Everything from the line with "A charming collection" to the line with "Hergestellt aus strapazierfähigem" in the listing below, both lines included, needs to be copied exactly, apart from the pictures.

[DATASET Boundary: Start]

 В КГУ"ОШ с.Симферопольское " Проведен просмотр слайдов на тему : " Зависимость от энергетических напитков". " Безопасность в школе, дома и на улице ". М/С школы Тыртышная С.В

[DATASET Boundary: End]
[DATASET Boundary: Start]

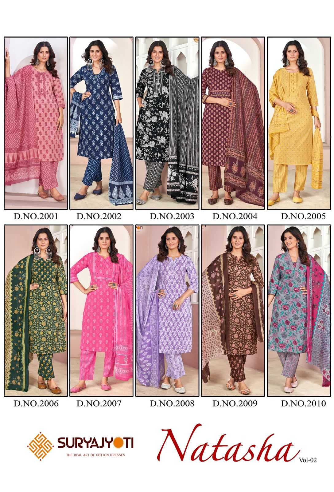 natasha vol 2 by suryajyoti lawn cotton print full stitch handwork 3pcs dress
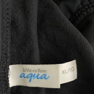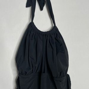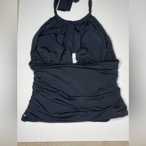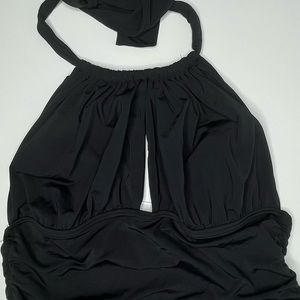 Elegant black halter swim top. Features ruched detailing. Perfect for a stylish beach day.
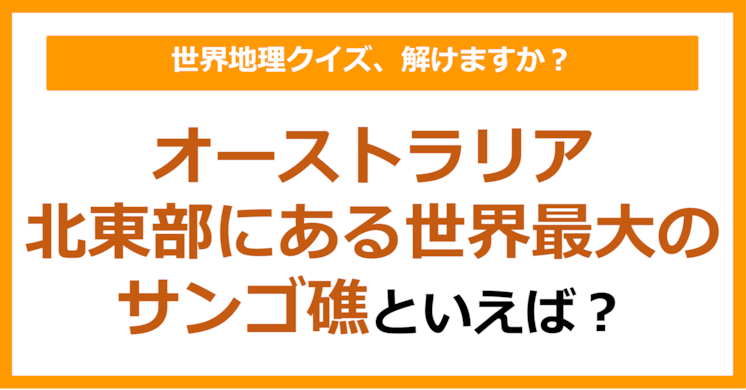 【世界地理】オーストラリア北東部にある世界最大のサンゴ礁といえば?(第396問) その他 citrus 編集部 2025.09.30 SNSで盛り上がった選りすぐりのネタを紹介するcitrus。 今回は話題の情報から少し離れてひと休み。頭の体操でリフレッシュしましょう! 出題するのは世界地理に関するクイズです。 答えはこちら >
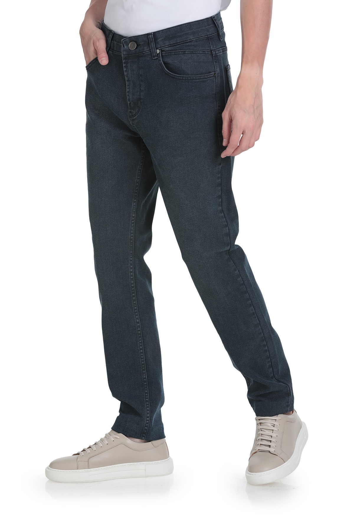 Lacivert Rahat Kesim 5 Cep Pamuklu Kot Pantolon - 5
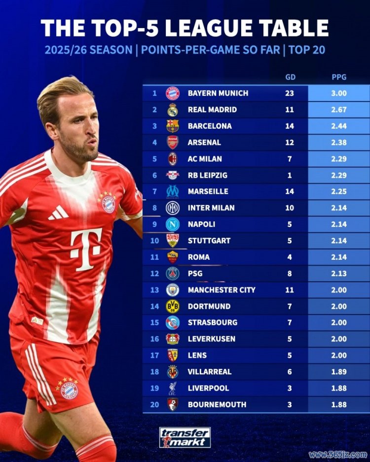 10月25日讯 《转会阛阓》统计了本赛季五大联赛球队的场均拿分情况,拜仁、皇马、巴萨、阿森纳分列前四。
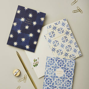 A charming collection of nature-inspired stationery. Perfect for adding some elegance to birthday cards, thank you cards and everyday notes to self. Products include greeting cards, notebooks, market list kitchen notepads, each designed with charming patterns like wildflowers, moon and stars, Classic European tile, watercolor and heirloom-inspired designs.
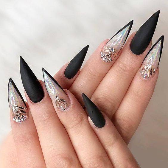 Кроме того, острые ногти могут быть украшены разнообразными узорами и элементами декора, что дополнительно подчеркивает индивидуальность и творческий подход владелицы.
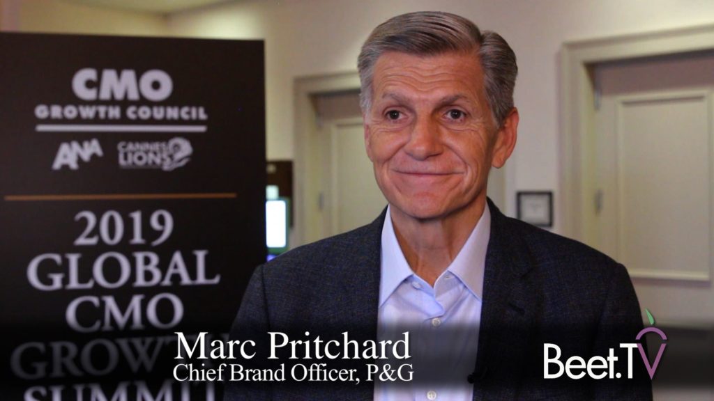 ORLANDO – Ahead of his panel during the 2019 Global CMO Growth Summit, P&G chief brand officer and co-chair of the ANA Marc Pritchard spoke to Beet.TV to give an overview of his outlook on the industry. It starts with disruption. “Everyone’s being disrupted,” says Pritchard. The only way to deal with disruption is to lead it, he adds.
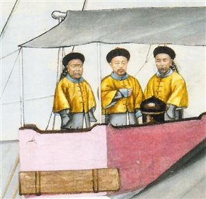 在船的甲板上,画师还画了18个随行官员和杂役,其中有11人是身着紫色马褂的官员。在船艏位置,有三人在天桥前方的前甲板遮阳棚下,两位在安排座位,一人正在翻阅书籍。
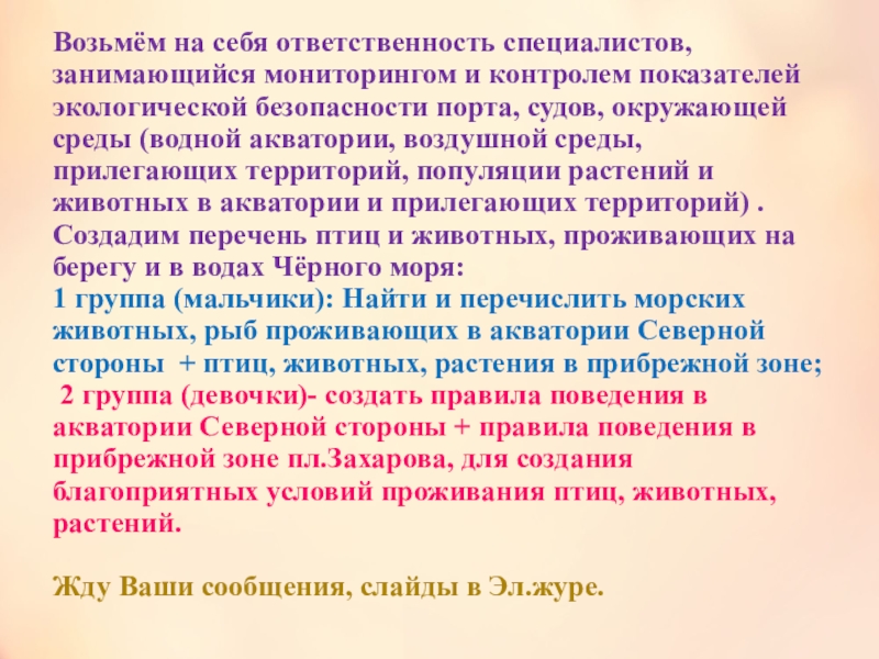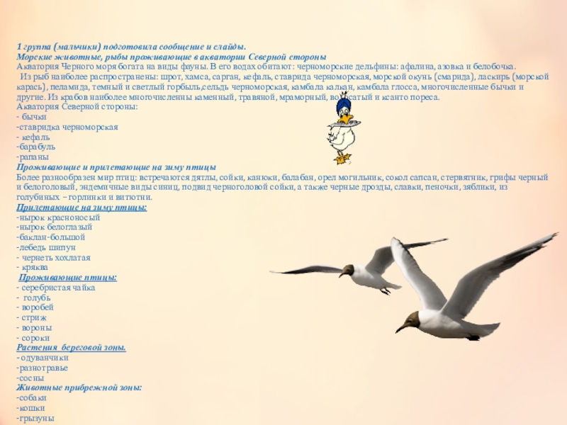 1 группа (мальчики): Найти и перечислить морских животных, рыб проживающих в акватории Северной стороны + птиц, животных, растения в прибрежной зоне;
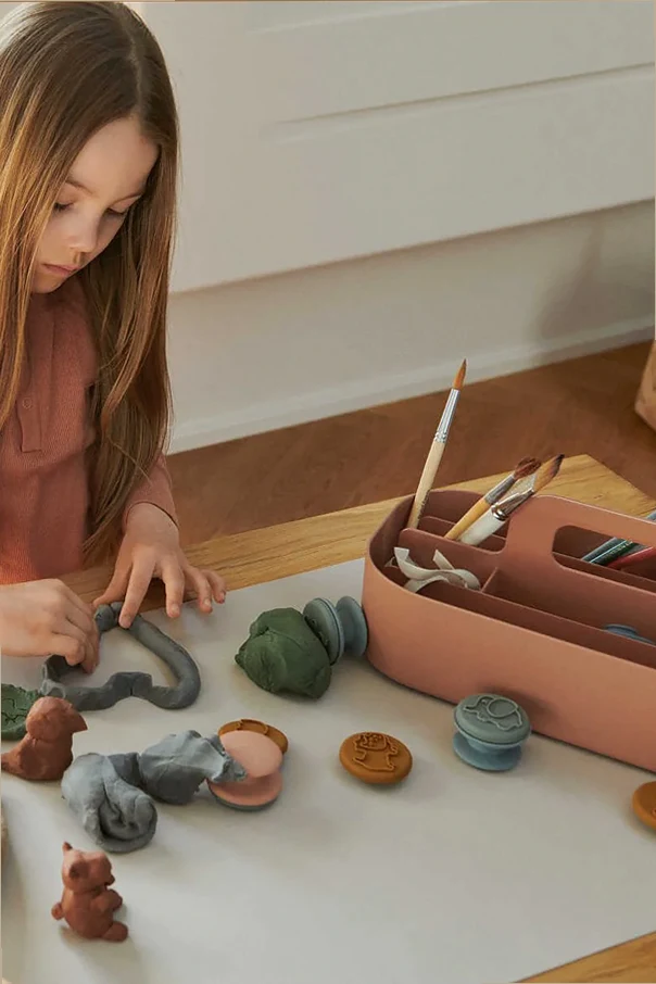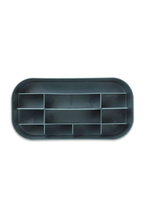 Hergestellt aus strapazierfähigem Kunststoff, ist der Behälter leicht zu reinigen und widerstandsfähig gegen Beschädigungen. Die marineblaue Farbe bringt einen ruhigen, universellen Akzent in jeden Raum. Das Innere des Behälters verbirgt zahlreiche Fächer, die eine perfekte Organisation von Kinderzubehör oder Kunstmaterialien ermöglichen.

[DATASET Boundary: End]

◆ WRITTEN SOLUTION
 A charming collection of nature-inspired stationery. Perfect for adding some elegance to birthday cards, thank you cards and everyday notes to self. Products include greeting cards, notebooks, market list kitchen notepads, each designed with charming patterns like wildflowers, moon and stars, Classic European tile, watercolor and heirloom-inspired designs.
 Кроме того, острые ногти могут быть украшены разнообразными узорами и элементами декора, что дополнительно подчеркивает индивидуальность и творческий подход владелицы.
 ORLANDO – Ahead of his panel during the 2019 Global CMO Growth Summit, P&G chief brand officer and co-chair of the ANA Marc Pritchard spoke to Beet.TV to give an overview of his outlook on the industry. It starts with disruption. “Everyone’s being disrupted,” says Pritchard. The only way to deal with disruption is to lead it, he adds.
 在船的甲板上,画师还画了18个随行官员和杂役,其中有11人是身着紫色马褂的官员。在船艏位置,有三人在天桥前方的前甲板遮阳棚下,两位在安排座位,一人正在翻阅书籍。
 1 группа (мальчики): Найти и перечислить морских животных, рыб проживающих в акватории Северной стороны + птиц, животных, растения в прибрежной зоне;
 Hergestellt aus strapazierfähigem Kunststoff, ist der Behälter leicht zu reinigen und widerstandsfähig gegen Beschädigungen. Die marineblaue Farbe bringt einen ruhigen, universellen Akzent in jeden Raum. Das Innere des Behälters verbirgt zahlreiche Fächer, die eine perfekte Organisation von Kinderzubehör oder Kunstmaterialien ermöglichen.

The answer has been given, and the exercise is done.